Здесь и далее используется нумерация и определения сюжетов миниатюр в последнем издании Радзивиловской летописи. См.: Радзивиловская летопись. Спб.; Москва, 1994. Т. 2. Текст. Исследование. Описание миниатюр.
Даркевич В.П. Народная культура средневековья. М., 1992. С. 74 - 75.
Там же. С. 72.
ПЛДР. XI - начало XII века. М., 1978. С. 66.
Randall L. М. Images in thе margins of gothic manuscripts. Веrkeley; Los Angeles, 1966. XXIX, 135. См., также: Даркевич В.П. Народная культура средневековья. С. 234. Табл. 18. Илл. 2.
Даркевич В.П. Народная культура средневековья. С. 17.
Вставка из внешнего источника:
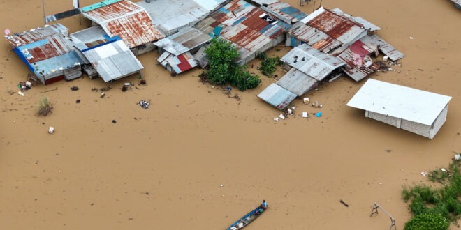 Tuguegarao, Philippines A man paddles a boat through flood waters past submerged houses in Cagayan province, north of Manila, after a river overflowed during heavy rains brought by Super Typhoon Fung-Wong

Французская книжная миниатюра XIII века в советских собраниях. 1270 - 1300. М., 1984. С. 206. Даркевич В.П. Народная культура средневековья. С. 16. Рис. 2.
См., напр., след. миниатюры: № 352, л. 155 об.; .№ 359, л. 157; № 363, л. 158; № 371, л. 161; № 374, л. 162; № 381, л. 164; № 384, л. 165.
См.: Даркевич В.П. Народная культура средневековья. С. 259. Таб. 43. Рис.3.